1.  Get the robot path from tpconfig -d for this library from the robot control host, we'll call this lib_path
2.
 
echo 'mode' |/usr/openv/volmgr/bin/tldtest -r <lib_path>
 
Example:
 
root@nbmaster00 tmp $ echo 'mode' |tldtest -r /dev/sg2
Opening /dev/sg2
MODE_SENSE complete
Enter tld commands (? returns help information)
First transport addr = 256, Number transport elements = 1
First storage addr = 1024, Number storage elements = 30
First media access port addr = 512, Number media access port elements = 4
First drive addr = 1, Number drive elements = 4
Library does have a barcode reader
MODE_SENSE complete
 
 
Martin

 

mph999
Level 6
Employee Accredited

See my point in my post about rebuilding the sgdriver.
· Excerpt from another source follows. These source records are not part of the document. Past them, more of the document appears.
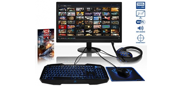 Savaş Thunder oyunu paketle Vibox Black Ice LA6-153 oyun PC bilgisayar, 22 inç HD Monitör (3.8GHz AMD A6 çift çekirdekli işlemci, Radeon R5 grafik yongası, OS olmadan 4Go DDR4 RAM, 1TB HDD)
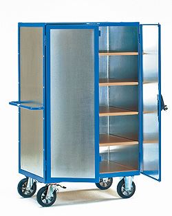 Kastenwagen in Winkelstahl-Konstruktion mit Rohrschiebegriff, pulverbeschichtet. Stirnwände, Längswand, Flügeltür und Dach mit verzinktem Stahlblech 1 mm stark verkleidet. Doppel-Flügeltür aus Winkelstahl mit Treibriegelverschluss, Schwenkhebel und eingebautem Zylinderschloss. 1 fester und 4 lose Böden. Böden aus Holzwerkstoffplatten, Oberfläche Buchendekor. 2 Lenk- und 2 Bockrollen, Bereifung TPE-Rollen, Naben mit Kugellager. Feststeller an den Lenkrollen, gemäß der Europäischen Norm EN 1757-3 (Sicherheit von Plattformwagen).
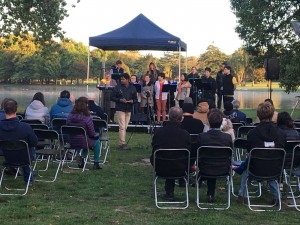Tim Bell leading a multi-denominational praise and worship team on Easter Sunday, 2018, held at the beautiful Lake Victoria in Hagley Park. Judy Greer recounted the fascinating events that unfolded early in the morning on the day that Jesus Christ rose from the dead, appeared to His disciples and to at least 500 other people in the days following His resurrection.
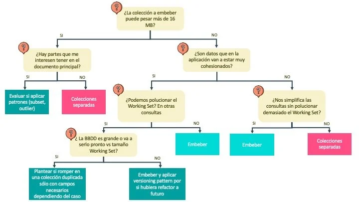 ¿Quiere esto decir que siempre tenemos que embeber documentos? La respuesta es NO, en este post vamos a dar una serie de pautas que nos podrán servir de ayuda cuando estemos modelando y necesitemos decidir si embeber una colección o no.
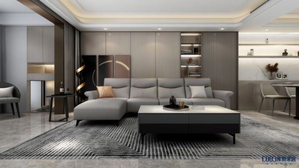 客厅采用了现代简约的设计手法,找寻现代人的生活步调。开放式的设计手法让客厅与阳台、餐厅融为一体,延展了整个视觉。
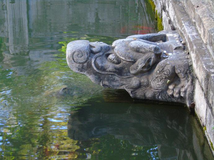 螭首是古代建筑石作制度中的主角之一,有平衡臺基望柱的重力和排水的功能,同時也是建筑上的裝飾構(gòu)件,是標志著封建禮制建筑等級的象征,是實用與裝飾的完美結(jié)合的建筑裝飾小品。節(jié)奏和韻律是中國古建筑的重要特點。
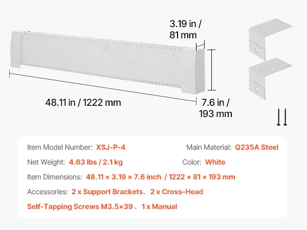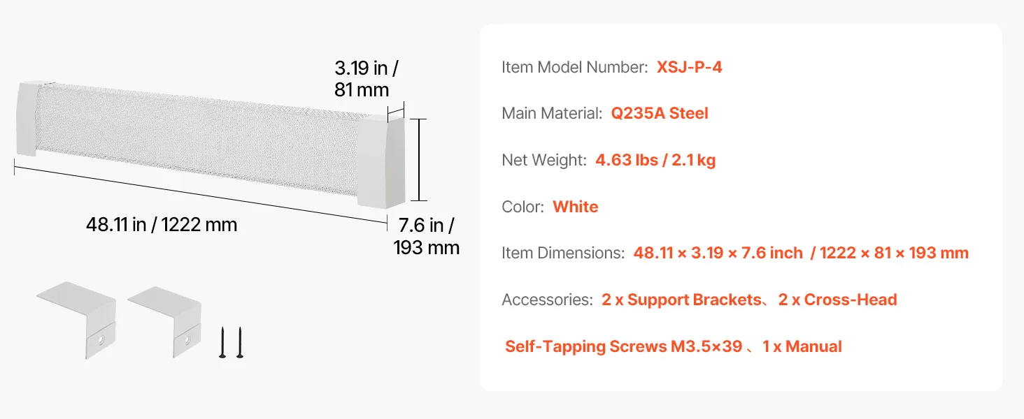 VEVOR 1222 мм біла сталева кришка для плінтусного обігрівача, серія Premium, легке встановлення, термостійка
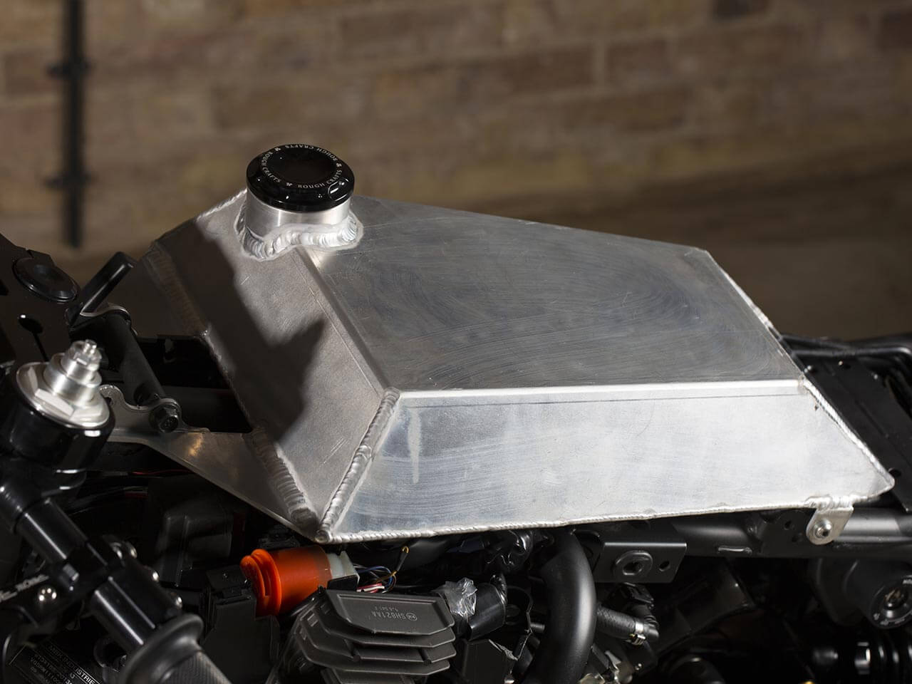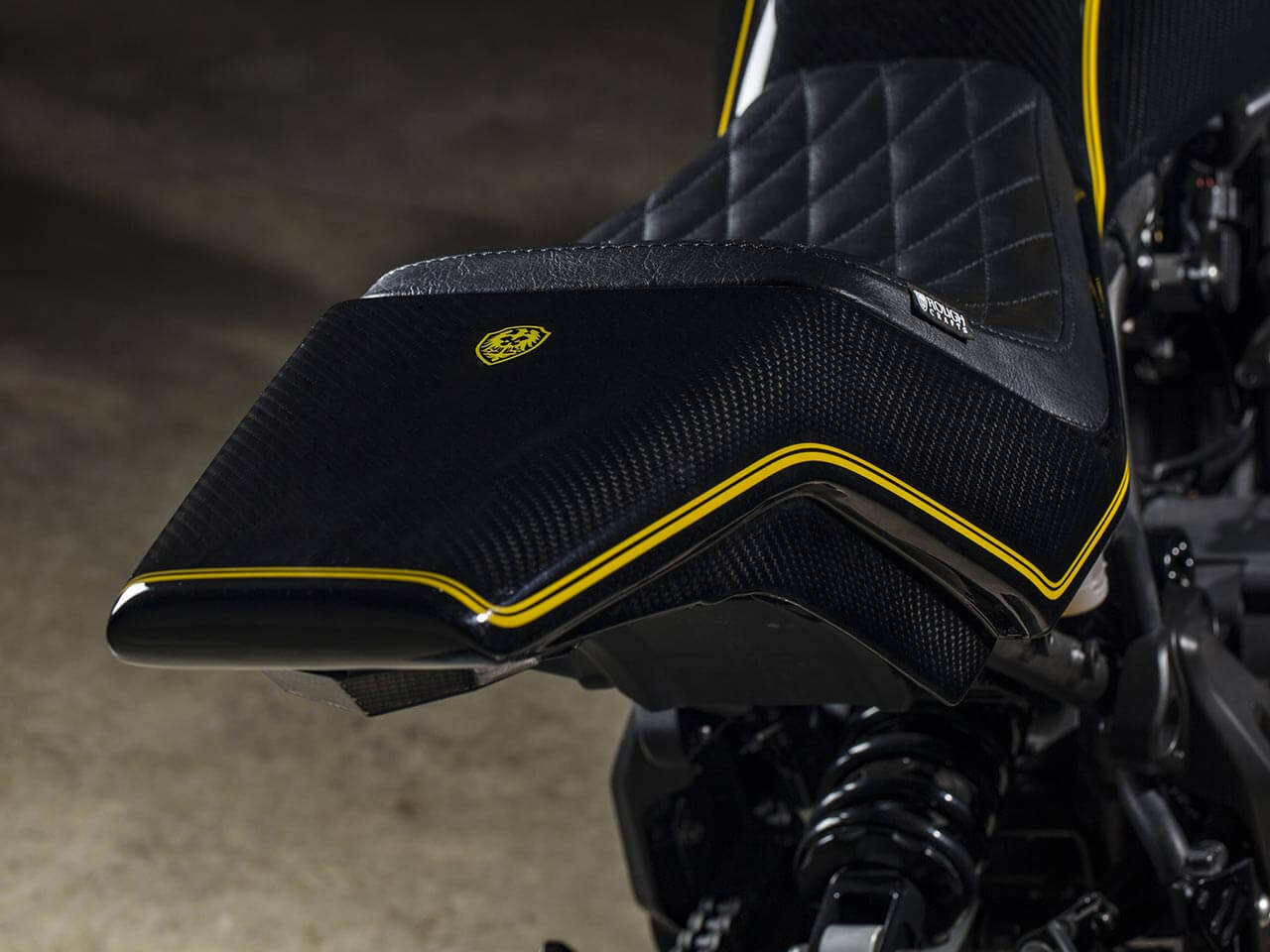 The 'Faster XSR' body kit itself was made with a full carbon fibre mono body with a smaller aluminium tank underneath, fully bolt-on without any modification, fabricated by MS Pro.

If there is no reason to believe it has changed, and it shouldn't have done, on the 'off-change' that a mistake is made when rebuilding it, it won't work,  Now, if the sg driver wasn't the cause of the problem in the first place, you now have two faults that give the same symptoms.

That, is then very very diffilcult to fix, as there is no way of confirming the sg driver is correct, because of the original fault.

I think first, we confirm what (if anything has been changed).

If the sg.links and .conf files are correct (in /usr/openv/volmgr/bin/drivers) then the sg driver can be rebuilt with just these commands:

#!/usr/bin/ksh
modunload -i $(echo $(modinfo |grep "sg (SCSA" |awk '{print $1}'))
mv /kernel/drv/sg.conf /kernel/drv/sg.conf.old
/usr/openv/volmgr/bin/driver/sg.install
 
If the firmware has changed, then yes, perhpas the device mappings will help.
 
One point I did forget about, but Marianne mentioned, is to remove any stale entries from cfgadm with the -C option.  That might not resolve the issue, but it might make the entry for the library disappear from the OS, showing without doubt the issue is outside NBU.